Здесь мы нашли следы недавно покинутого лагеря нашего племени – несомненно, пикуни; сотни следов от мест, где стояли вигвамы, пепел в очагах был еще легким и пушистым, вокруг валялась выброшенная одежда и изношенные мокасины, вышивка на которых несомненно показывала их принадлежность пикуни. Мы также поняли, что люди, покинувшие лагерь, направились по тропе вниз по реке, несомненно отправившись в форт Больших Ножей Много Домов, чтобы продать добытые за зиму меха.
Когда мы сидели вокруг маленького костра и ели поджаренное на нем жирное мясо, я заметил, что отец пребывает в хорошем настроении, а мама, печально глядя на него, хочет, и в тоже время боится, спросить что-то, что ее мучает.
Наконец она набралась смелости:
– Много Лебедей, отсюда всего день пути до форта Больших Ножей, где сейчас находятся торгующие с ними наши друзья пикуни и другие родичи. Давай отправимся туда, останемся с ними хоть на несколько ночей.
– Да, отец, давай пойдем туда, – подхватил я, но, еще не закончив фразы, я уже знал, что это предложение будет отвергнуто, потому что отец сразу помрачнел и уставился на огонь.
– Вы двое, почему вы просите меня об этом? – сказал он после долгой паузы. – Мой разум пребывал в покое, но вы вновь вернули мне неприятные воспоминания о постыдном поступке, спасения от которых я теперь ищу. Если я сделаю то, что вы просите, останусь несколько дней с нашими братьями, то этот стыд будет преследовать меня днем и ночью, когда я сплю. Нет, я не могу свернуть с пути на юг. Мы будем следовать ему, пока не прибудем в лагерь Ворон.

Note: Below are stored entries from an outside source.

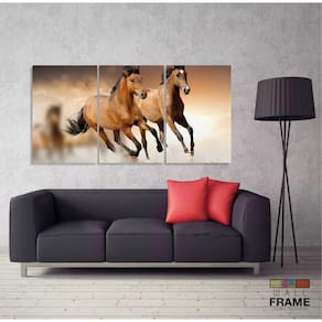 Quadro Cavalos Decorativo Paisagem Em Tecido 3 Peças
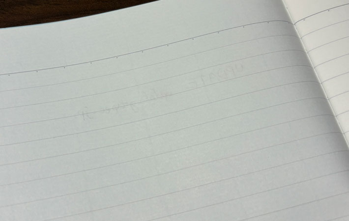 ページの罫線は水性インクを使って引かれているため、罫線の上でインクがはじかれず、文字がきれいに乗ってくれます。
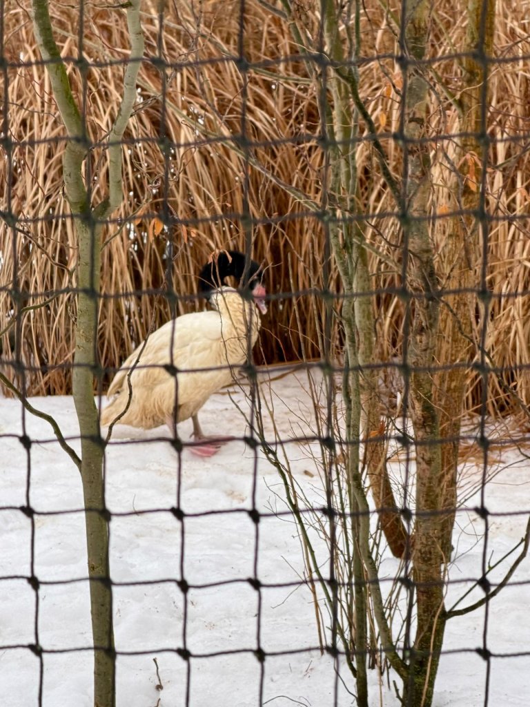Obok na zewnątrz w wolierze jest łabędź czarnoszyi, który wygląda, jakby ktoś faktycznie pomalował mu szyję pędzlem. Niestety stoi dosyć daleko od nas.
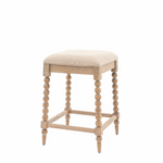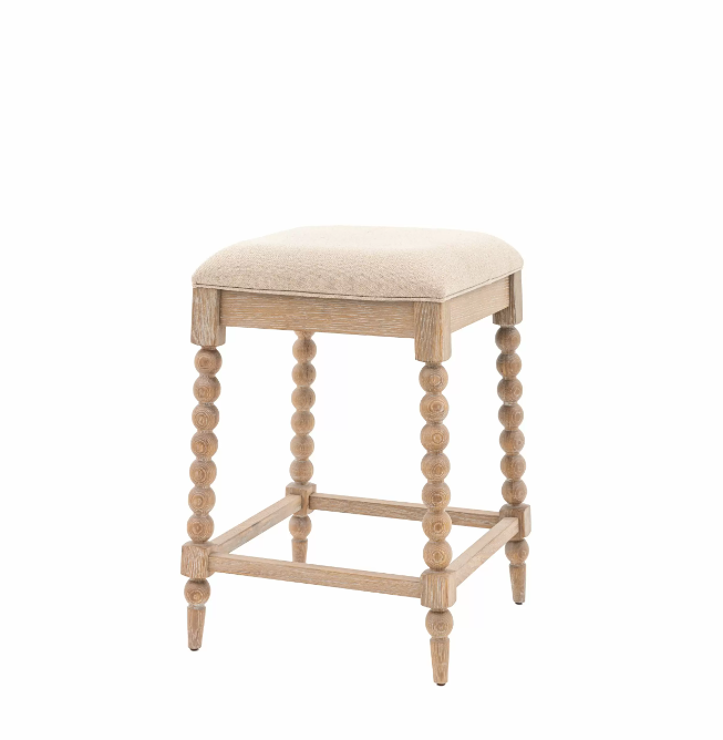 The legs of this exquisite kitchen stool boast intricately carved bobbing details, achieved through the skilful use of a lathe by our master craftsmen. Made from oak and delicately washed with a mellow lime tone, this stool exudes understated elegance. The seat is upholstered with a biscuit-coloured fabric, and additional matching pieces are also offered.
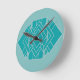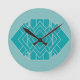 Den här klockan har en konsdeco quilt-inspirerad design av diamantformer och en rektangel, både i rial och silver, på en fält av lättare teal.
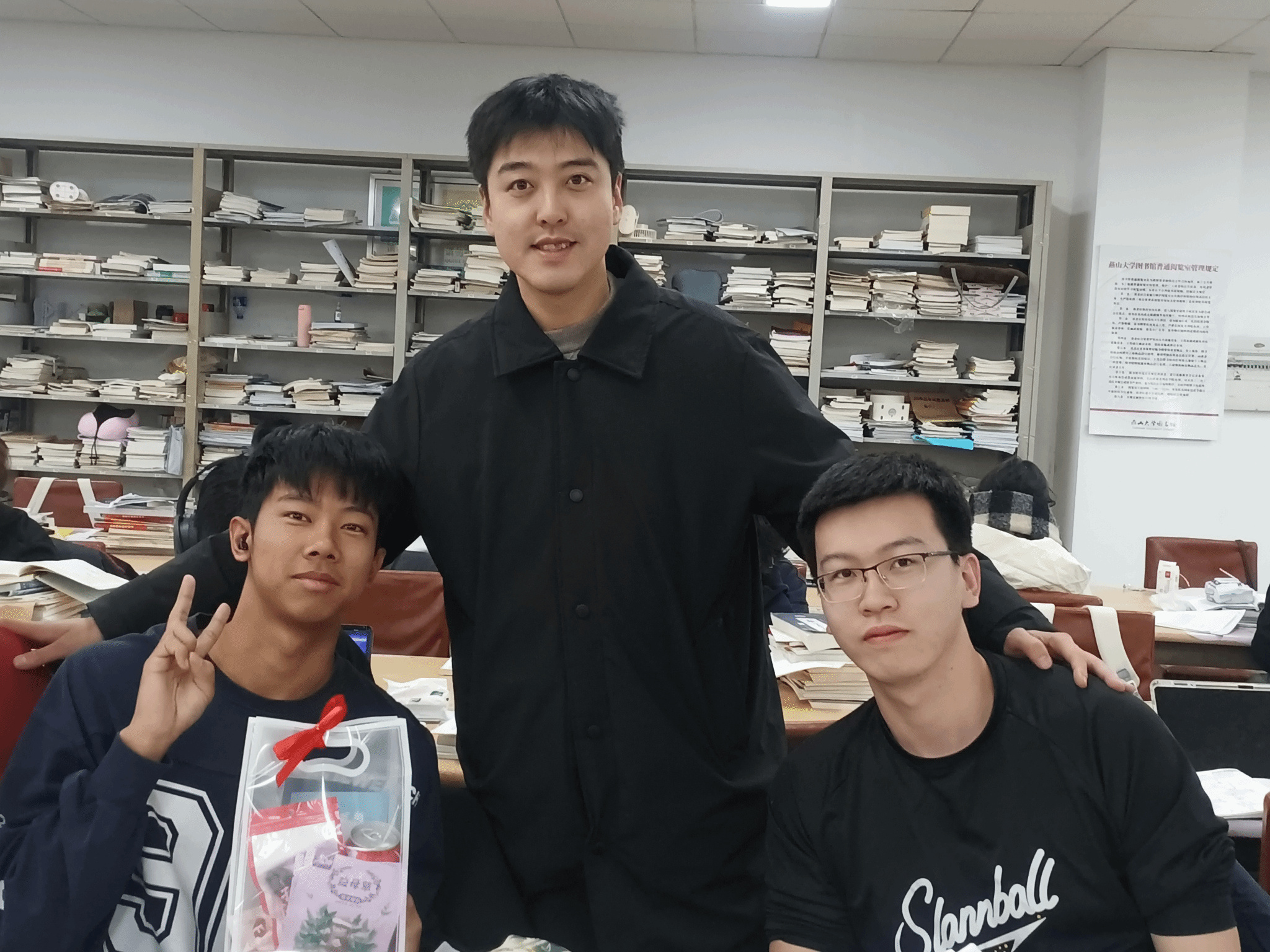 辅导员王世运、周士琦在宿舍和图书馆进行考研慰问

– О муж мой! Ради любви к нашему сыну, ради меня, скажи нам, что это было, скажи, что такого постыдного ты сделал! – взмолилась моя мама.
Он долго думал и наконец ответил:
– Вы узнаете об этом позже.
Мама склонила голову; слезы текли у нее по щекам. Она ничего больше не говорила. Я чувствовал себя столь же несчастным, как и она, но что могли мы сделать? Ничего.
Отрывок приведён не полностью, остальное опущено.